Exercise goal. From the first line of the data down to the line bearing "Festival süresince stantlar", output every line exactly and include no pictures.

Data for this task.
- - -
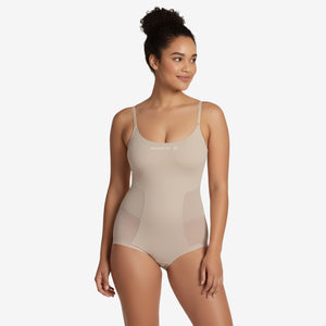Elevate your everyday look with this versatile piece that combines shaping and style. It provides moderate compression across the mid-tummy for a smooth, flattering silhouette, while the built-in bra with an elastic underbust band offers gentle support without padding. Made from lightweight, breathable fabric, it stays cool and comfortable all day. A ruched back seam enhances natural curves, and the seamless back ensures no visible panty lines. The cotton-lined hook-and-eye gusset is adjustable for a perfect fit.
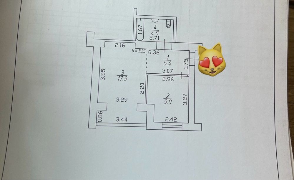 - Висота стелі 3.3 метри.
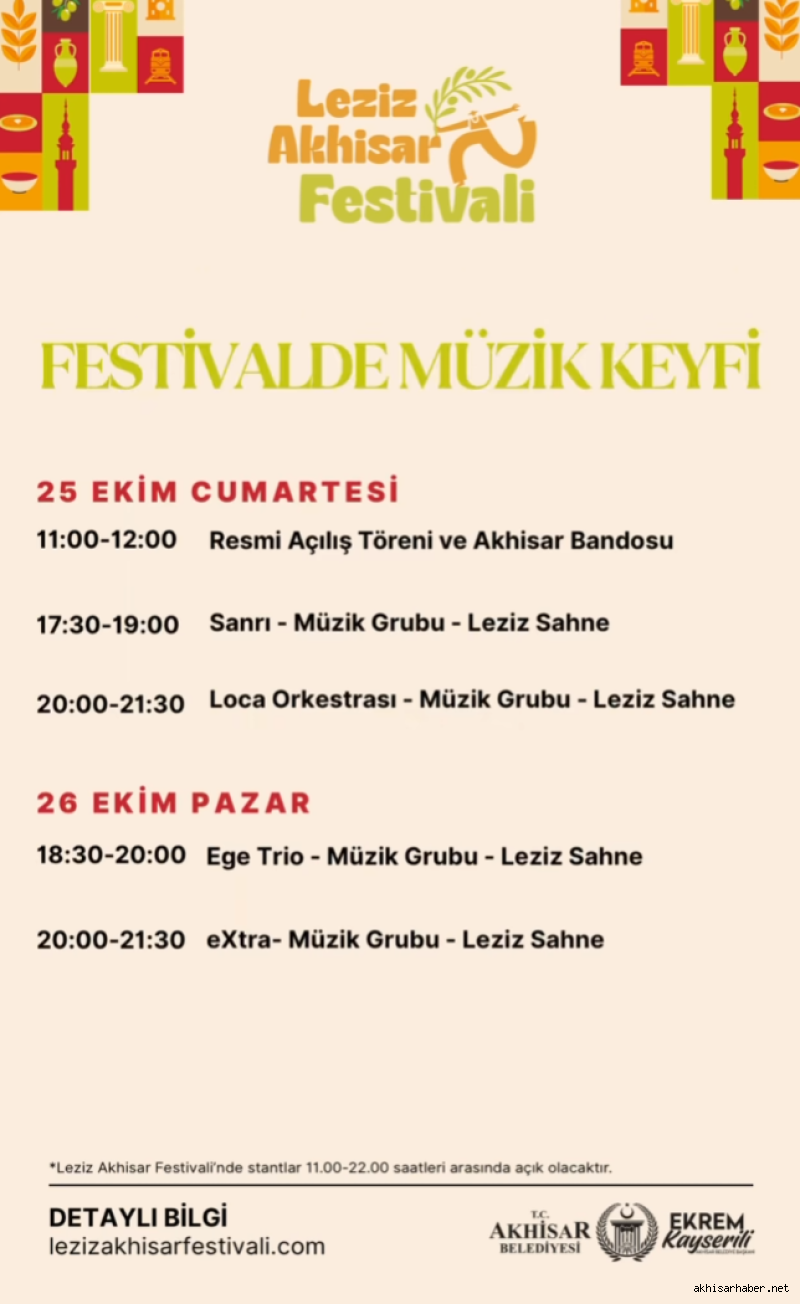 Festival süresince stantlar 11.00–22.00 saatleri arasında açık olacak. Ziyaretçiler, Akhisar’ın bin yıllık lezzet geleneğini tanıma, yöresel ürünleri tatma ve gastronomi dünyasının önde gelen isimleriyle buluşma fırsatı yakalayacak.
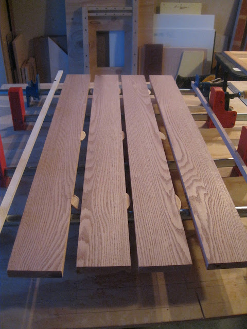 - Joinery includes through grooves on rails and tenons on stiles. Frames are rabbeted and then chamfered to give a nice shadow line along the panel/frame joint.
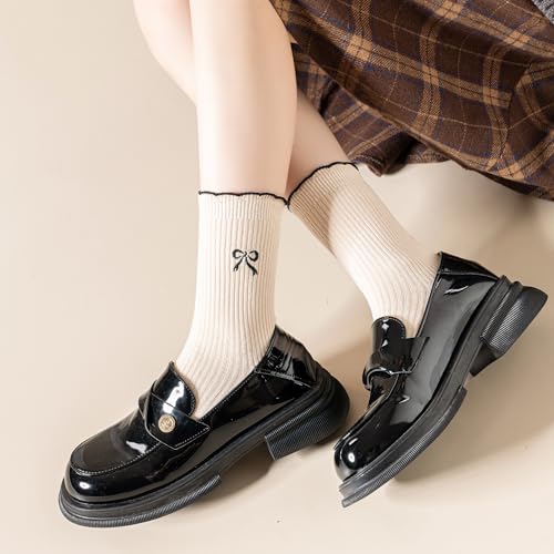 • Feature: Over the Ankle, Frilly Cuff, Embroidery bow,Cute Crew Socks,Delicate and Classic
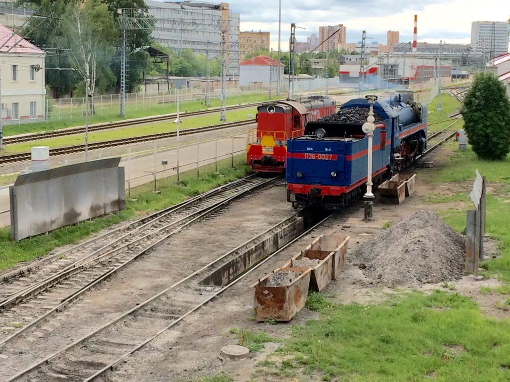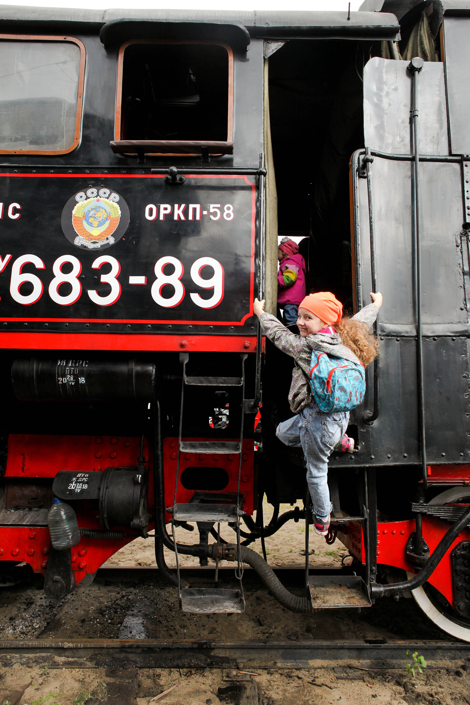 Пока нас встретили, пока мы прошли по территории, ТГК вернулся домой. Лихо крутанулся на веере и стал на улице у депо, подперев один из паровозов. Погода последнее время, очень переменчива в Мск. На улице мы были недолго, так как уже далеко не первый раз что я, что дети. И пошли сразу через мастерские, в закрытую для посещения террторию депо.
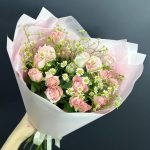 Букет кустовых розовых роз с матрикарией
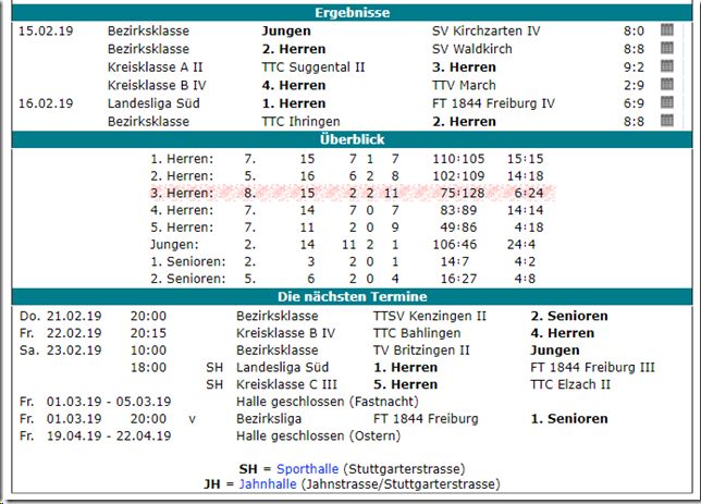 Nächsten Freitag treten wir beim Tabellenzweiten in Bahlingen an. Da der Klassenerhalt seit letzter Woche feststeht, werden wir dort befreit aufspielen können. Wenn die Aufstellung stimmt, wollen wir auch da in jedem Spiel selbstbewusst antreten.
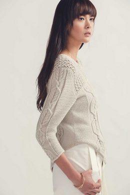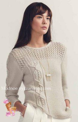 Красивый топ спицами с рисунком на передней части изделия. Основной узор: ширина 13 п. 1-й (лиц.) ряд: 1 изн., 5 лиц., 4 накида, 1 протяжка (снять 1 п., 1 лиц.,...
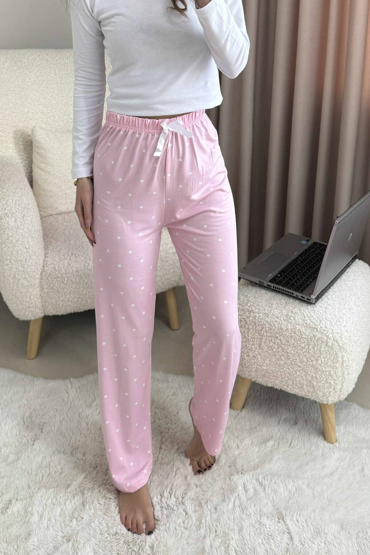POLKA DOTS BOW DETAIL WOMEN JOGGERS PINK/ROZE
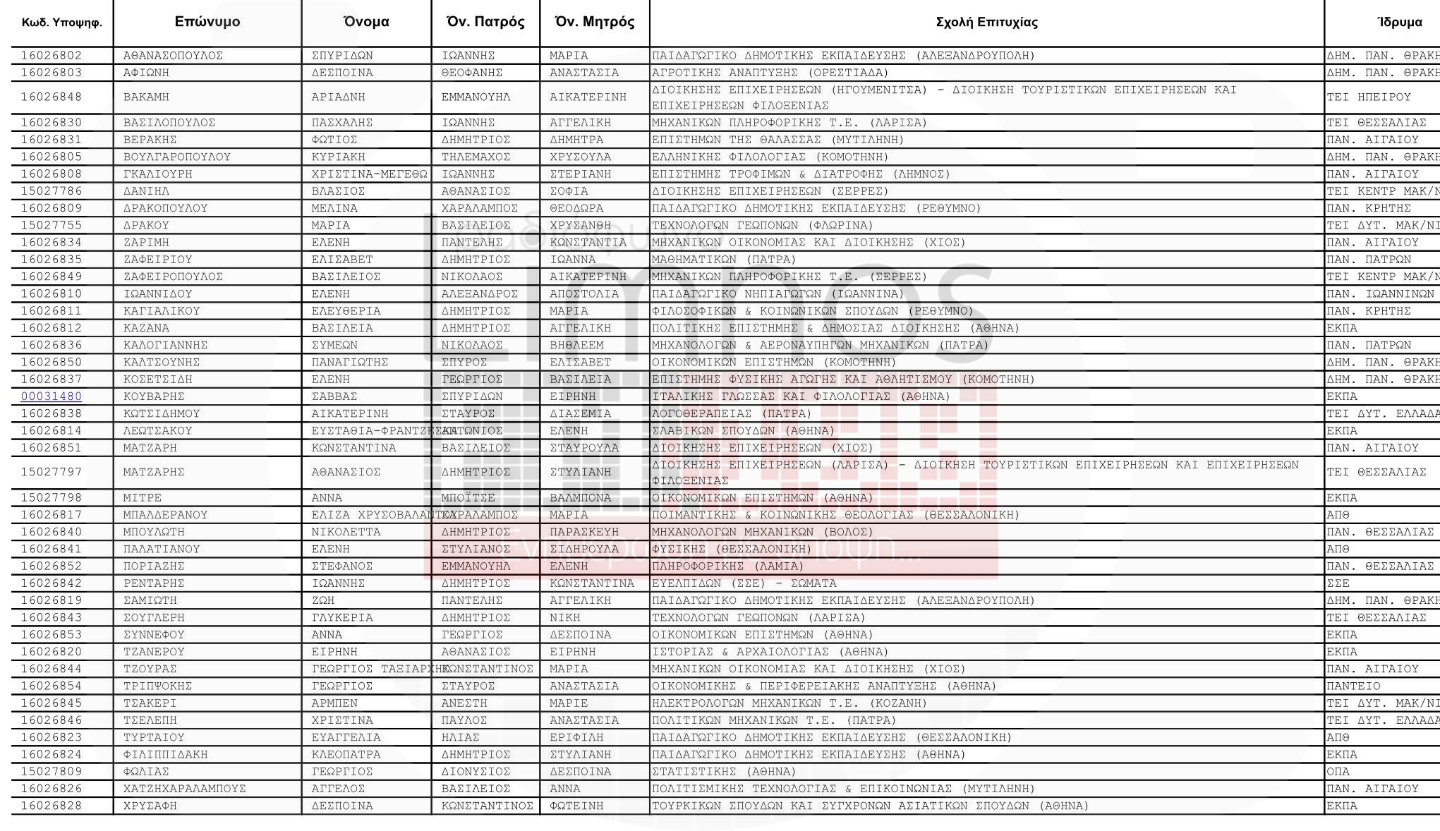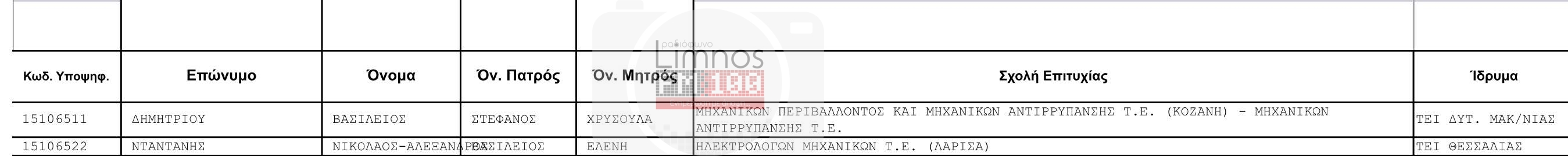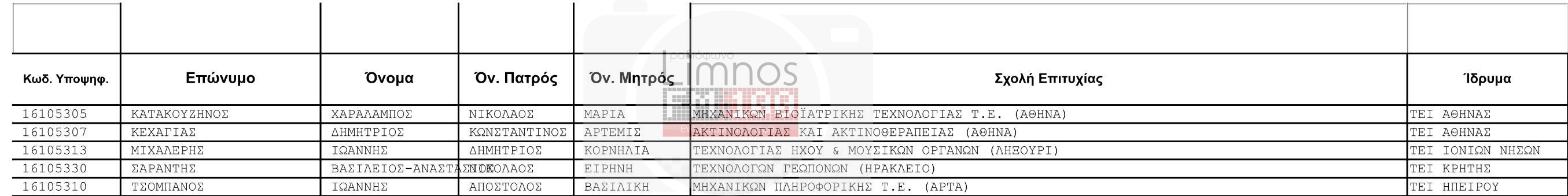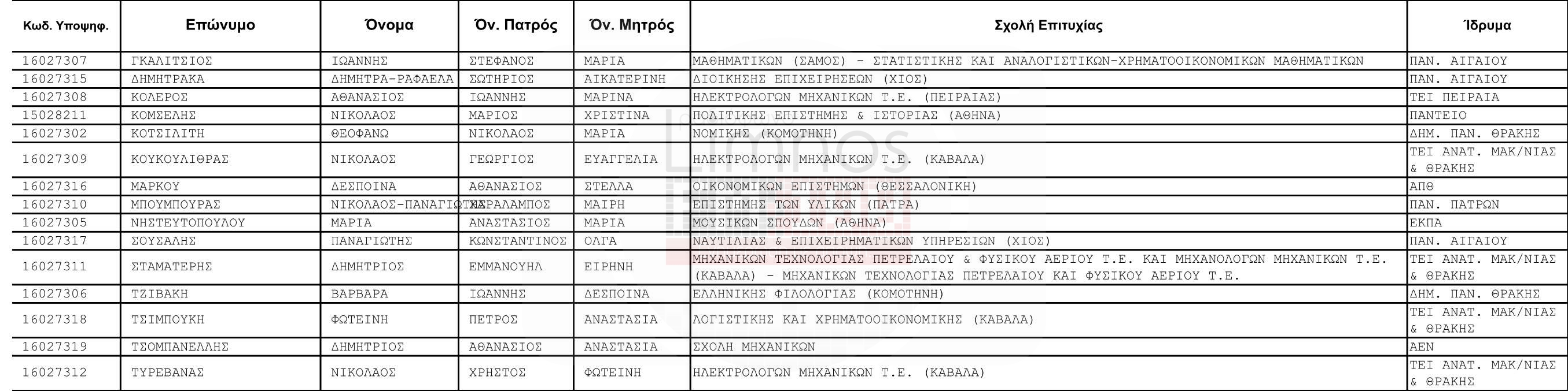 Επιτυχόντες Επιλογής Γενικού Λυκείου Μύρινας Ομάδας Β 2016 (Παλαιό Σύστημα)
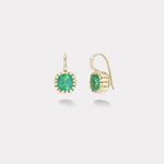 These 4.19ct cushion cut Emeralds are set in our signature Heirloom Bezels. These earrings are 14k yellow gold and sit snug below the ear lobe. Available as a pair only.
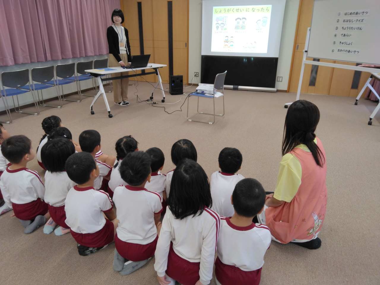 始めに学校給食についてお話しを聞いたり、給食にまつわるクイズに挑戦しました
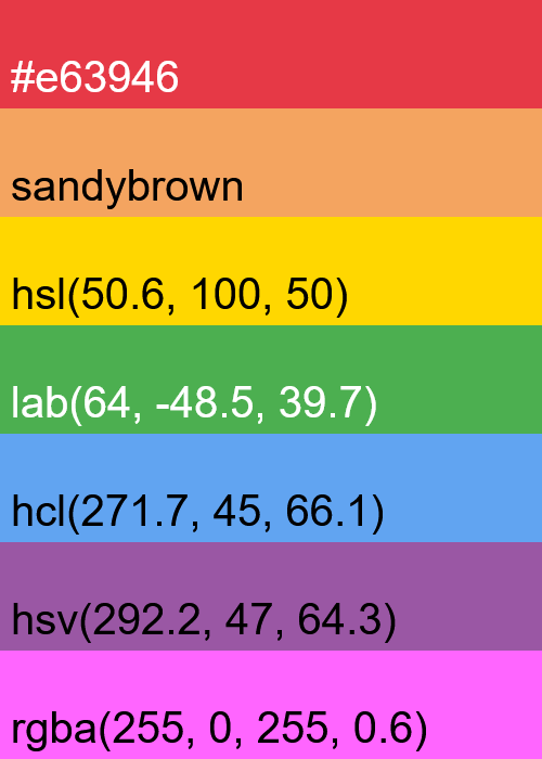In this example, we visualize multiple color formats within a single PNG file. The color formats include the hex code "#e63946" (crimson), HTML/CSS color "SandyBrown", HSL color "hsl(50.6, 100%, 50%)" (gold), LAB color "lab(64, -48.5, 39.7)" (medium sea green), "hcl(271.7, 45, 66.1)" (cornflower blue), "hsv(292.2, 47, 64.3)" (medium orchid), and "rgba(255, 0, 255, 0.6)" (semi-transparent Violet). The program arranges these colors vertically as thin horizontal color strips and adds a label to each color with its original color code or name.
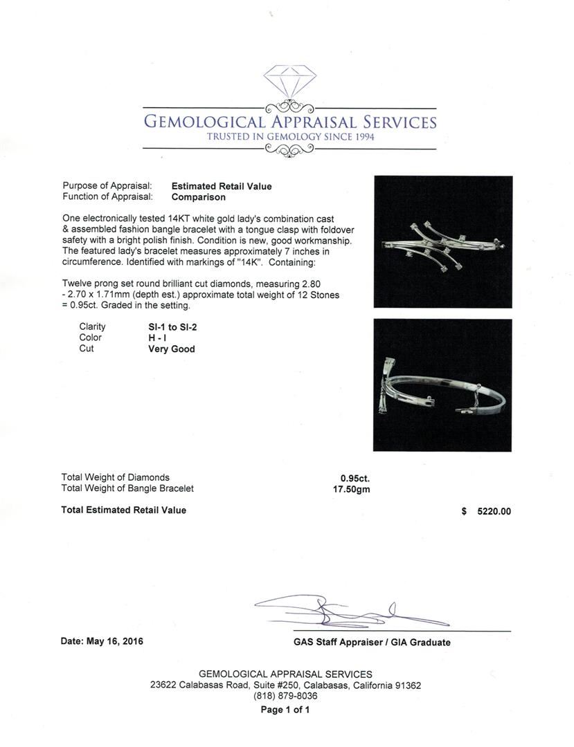 One electronically tested 14KT white gold lady's combination cast & assembled fashion bangle bracelet with a tongue clasp with foldover safety with a bright polish finish. The featured lady's bracelet measures approximately 7 inches in circumference. Identified with markings of "14K". Condition is new, good workmanship. Containing: Twelve prong set round brilliant cut diamonds, measuring 2.80 - 2.70 x 1.71mm (depth est.) approximate total weight of 12 Stones = 0.95ct. Graded in the setting. Clarity: SI-1 to SI-2. Color: H - I. Cut Very Good. Total Weight of Diamonds 0.95ct. Total Weight of Bangle Bracelet 17.50gm. GAS Appraised at $5,220.00.
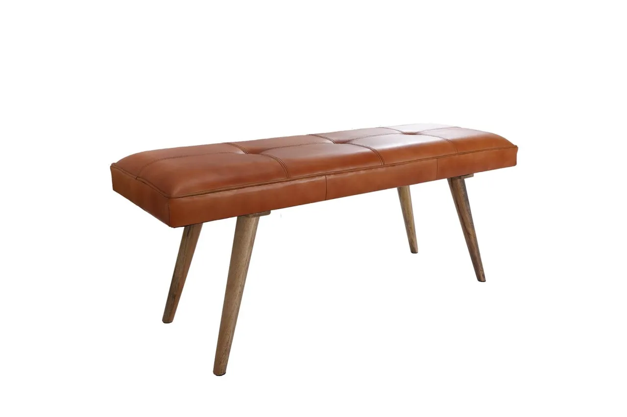tinkaro rechteckige Sitzbank ABEL Ziegenleder / Massivholz 012680 Flurbank Polsterbank
- - -
Result below.
Elevate your everyday look with this versatile piece that combines shaping and style. It provides moderate compression across the mid-tummy for a smooth, flattering silhouette, while the built-in bra with an elastic underbust band offers gentle support without padding. Made from lightweight, breathable fabric, it stays cool and comfortable all day. A ruched back seam enhances natural curves, and the seamless back ensures no visible panty lines. The cotton-lined hook-and-eye gusset is adjustable for a perfect fit.
 - Висота стелі 3.3 метри.
 Festival süresince stantlar 11.00–22.00 saatleri arasında açık olacak. Ziyaretçiler, Akhisar’ın bin yıllık lezzet geleneğini tanıma, yöresel ürünleri tatma ve gastronomi dünyasının önde gelen isimleriyle buluşma fırsatı yakalayacak.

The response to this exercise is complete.